**Your instructions:** All pictures must be left out as you transcribe the lines from the first line of the data to the line containing "Surface morphology and", both included.

**Excerpted records:**
.....

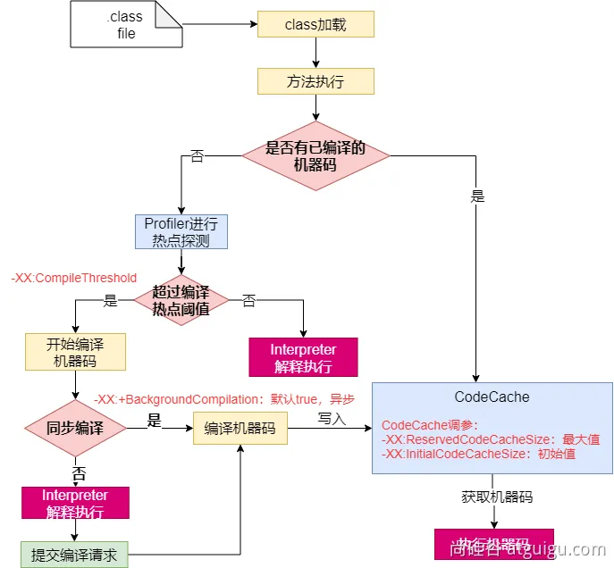 - 如果编译器做了一些比较激进的优化,比如分支预测,在实际运行时发现预测出错,这时就会进行反优化,重新进入解释执行,图中第⑤条执行路径代表的就是反优化。
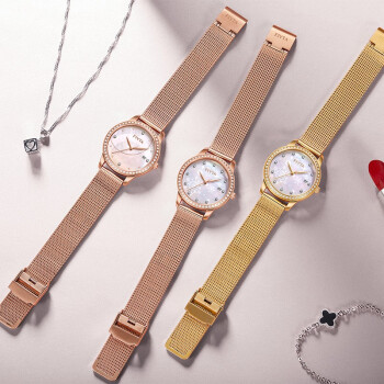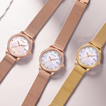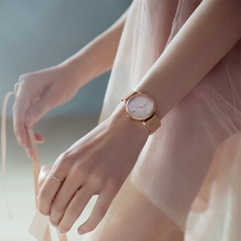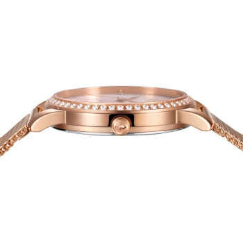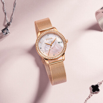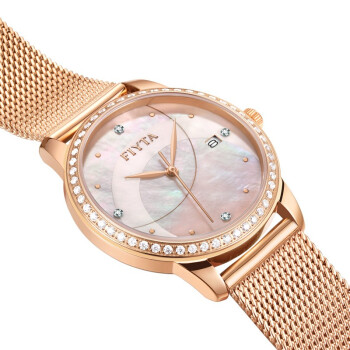 FIYTA飞亚达是国内知名手表品牌,这款Fancy系列 DL865001.PWPD 女士时装腕表,搭载石英机芯,镀玫瑰金色表壳及网状表链,同材质表圈上镶嵌有密密麻麻的水钻,玫瑰金大三针,4颗水钻时标,3点钟位置有日期显示窗,表壳直径约34毫米,厚约7.2毫米,30米生活防水。
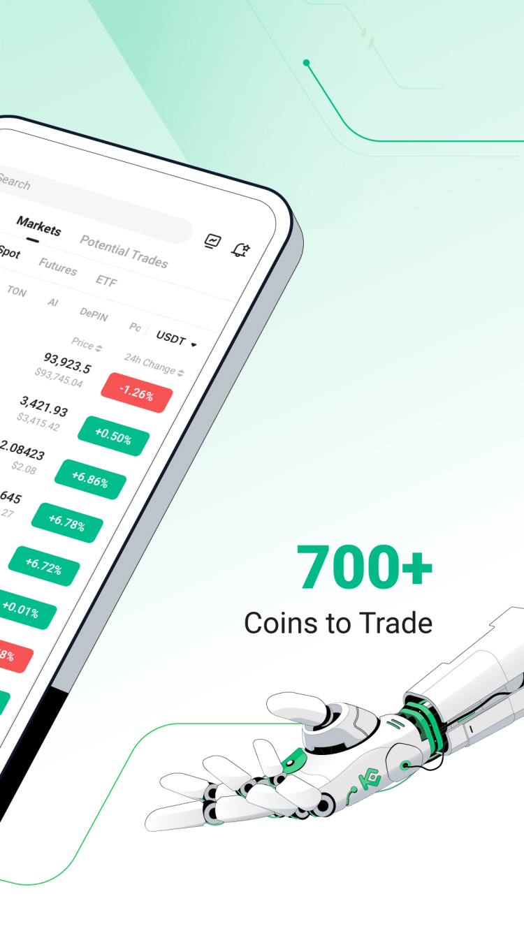 KuCoin — это ваш помощник для беспроблемной торговли, инвестирования и управления вашими цифровыми активами на ходу. Благодаря интуитивно понятному интерфейсу и набору мощных, но простых в использовании инструментов, это приложение становится доступным как опытным трейдерам, так и новичкам в мире криптовалют.
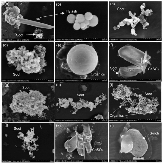 Surface morphology and sizes of individual aerosol particles from SEM analysis in the Ancient Town and the Country Park are depicted in Figure 9. Li et al. reviewed the morphology, mixing state and source of various single particles in East Asia; this was referred to in this study, in order to identify aerosol types due to a lack of EDX analysis [33]. Abundant soot particles, usually emitted from the incomplete combustion of fossil fuels and biomass, were identified in both areas (Figure 9c,d,g–j). Soot particles, also referred to as black carbon (BC), are chain-like aggregates of carbon-bearing spheres with typical diameters from 10 to 100 nm [34]. Fresh soot particles were branched (Figure 9c,j) and will become more compact (Figure 9d,g) during transport and aging [35,36]. Fly ash (Figure 9b), mainly containing Al and Si, is typically produced by coal combustion for cooking, heating, industrial activities, and power plants [33]. Figure 9e shows one spherical primary organic particle. The sulfur-rich particles, which are secondarily formed from SO2, have a special morphology in the electron microscope, and usually appear as foam (Figure 9l). Figure 9f,k were inferred to be aged mineral (CaSO4), which could be produced from calcite and dolomite reacting with acidic gases (e.g., SO2) [33]. In summary, the morphology analysis of the aerosol particles indicated that air pollution in the two studied areas was affected by local emissions from small scale activities and regional transport.
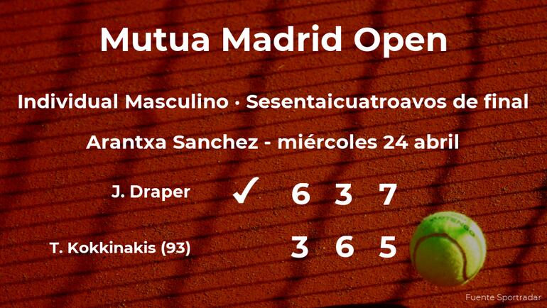 El tenista británico Jack Draper ganó por 6-3, 3-6 y 7-5 al jugador australiano Thanasi Kokkinakis, número 93 de la ATP, en los sesentaicuatroavos de final del torneo de Madrid. Con este resultado, podremos seguir viendo al vencedor del partido en los treintaidosavos de final del torneo de Madrid.
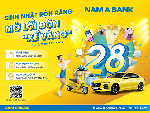 Từ 19/10/2020 đến 19/01/2021, Nam A Bank triển khai chương trình khuyến mãi chào mừng sinh nhật lần thứ 28 với “mưa” quà tặng như: xe Vinfast Lux A2, xe máy Vespa, iPhone 11 Pro Max, Samsung Galaxy S20, máy tính bảng, robot hút bụi…
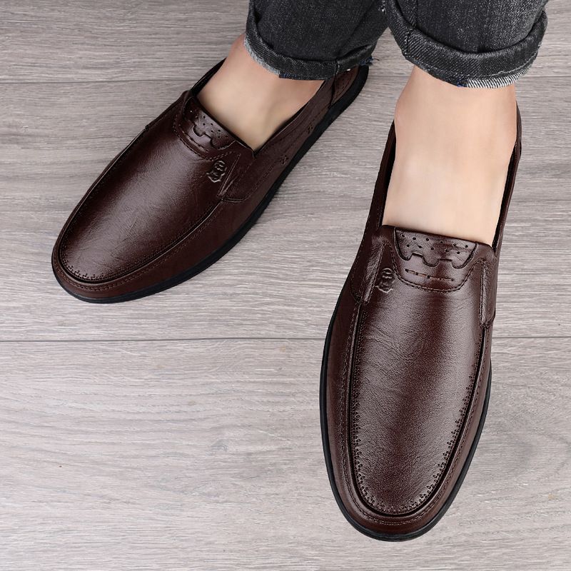 Old man's head, Le Fu shoe toe layer, cowhide for men, middle-aged and elderly, one foot casual shoes, soft soled men's leather shoes
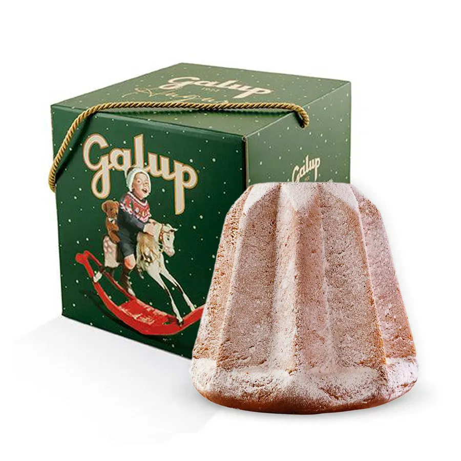 Le Pandoro est, avec le Panettone, un gâteau italien classique pour célébrer Noël. Le Pandoro Galup est fabriqué à la main selon des recettes traditionnelles et avec des ingrédients frais et authentiques : beurre, œufs frais de poules élevées en plein air et de la levure naturelle. Doux et parfumé, il séduira petits et grands et accompagne parfaitement les fêtes de fin d’année !
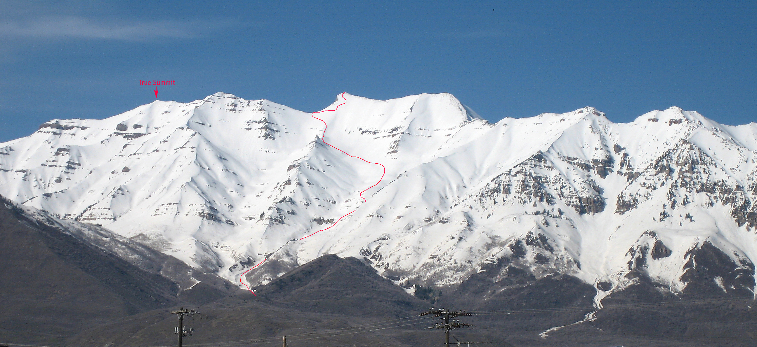 On my bucket list has always been to ski the west face of Mount Timpanogos in Utah. On May the 5th, 2011, a few guys from a local club were hiking (booting) and skiing to the top of the true summit (11,749 ft.) via Everest Ridge or the west face, as I call it. My friend Jim Knight invited me to do an alternate route the same day and ascend to the top of the East Summit via the Aspen Grove/Primose Cirque route (from the northeast side) and then descend the west face. I was worried about the descent route being too steep or icy for my limited ability, but as it turned out the maximum gradient was perhaps only 35 degrees and had many wide-open areas providing stress-free skiing. On previous trips, skiing down Primose Cirque had more challenging terrain and was frequently littered with avalanche debris. It took us about five hours to make the ascent to the southeast summit (approx. 11,722 ft.), arriving at about 11 a.m. We then descending off the windblown and crusty summit bloc and met the others at the main snowfield saddle, which sits above Emerald Lake (totally covered this year). At the saddle, I foolishly dropped a ski and it slid about 800 to 1000 feet down the wrong gully before it luckily came to a stop. I booted down to it and then rejoined the others as they descended.

.....

**Task result:**
 - 如果编译器做了一些比较激进的优化,比如分支预测,在实际运行时发现预测出错,这时就会进行反优化,重新进入解释执行,图中第⑤条执行路径代表的就是反优化。
 FIYTA飞亚达是国内知名手表品牌,这款Fancy系列 DL865001.PWPD 女士时装腕表,搭载石英机芯,镀玫瑰金色表壳及网状表链,同材质表圈上镶嵌有密密麻麻的水钻,玫瑰金大三针,4颗水钻时标,3点钟位置有日期显示窗,表壳直径约34毫米,厚约7.2毫米,30米生活防水。
 KuCoin — это ваш помощник для беспроблемной торговли, инвестирования и управления вашими цифровыми активами на ходу. Благодаря интуитивно понятному интерфейсу и набору мощных, но простых в использовании инструментов, это приложение становится доступным как опытным трейдерам, так и новичкам в мире криптовалют.
 Surface morphology and sizes of individual aerosol particles from SEM analysis in the Ancient Town and the Country Park are depicted in Figure 9. Li et al. reviewed the morphology, mixing state and source of various single particles in East Asia; this was referred to in this study, in order to identify aerosol types due to a lack of EDX analysis [33]. Abundant soot particles, usually emitted from the incomplete combustion of fossil fuels and biomass, were identified in both areas (Figure 9c,d,g–j). Soot particles, also referred to as black carbon (BC), are chain-like aggregates of carbon-bearing spheres with typical diameters from 10 to 100 nm [34]. Fresh soot particles were branched (Figure 9c,j) and will become more compact (Figure 9d,g) during transport and aging [35,36]. Fly ash (Figure 9b), mainly containing Al and Si, is typically produced by coal combustion for cooking, heating, industrial activities, and power plants [33]. Figure 9e shows one spherical primary organic particle. The sulfur-rich particles, which are secondarily formed from SO2, have a special morphology in the electron microscope, and usually appear as foam (Figure 9l). Figure 9f,k were inferred to be aged mineral (CaSO4), which could be produced from calcite and dolomite reacting with acidic gases (e.g., SO2) [33]. In summary, the morphology analysis of the aerosol particles indicated that air pollution in the two studied areas was affected by local emissions from small scale activities and regional transport.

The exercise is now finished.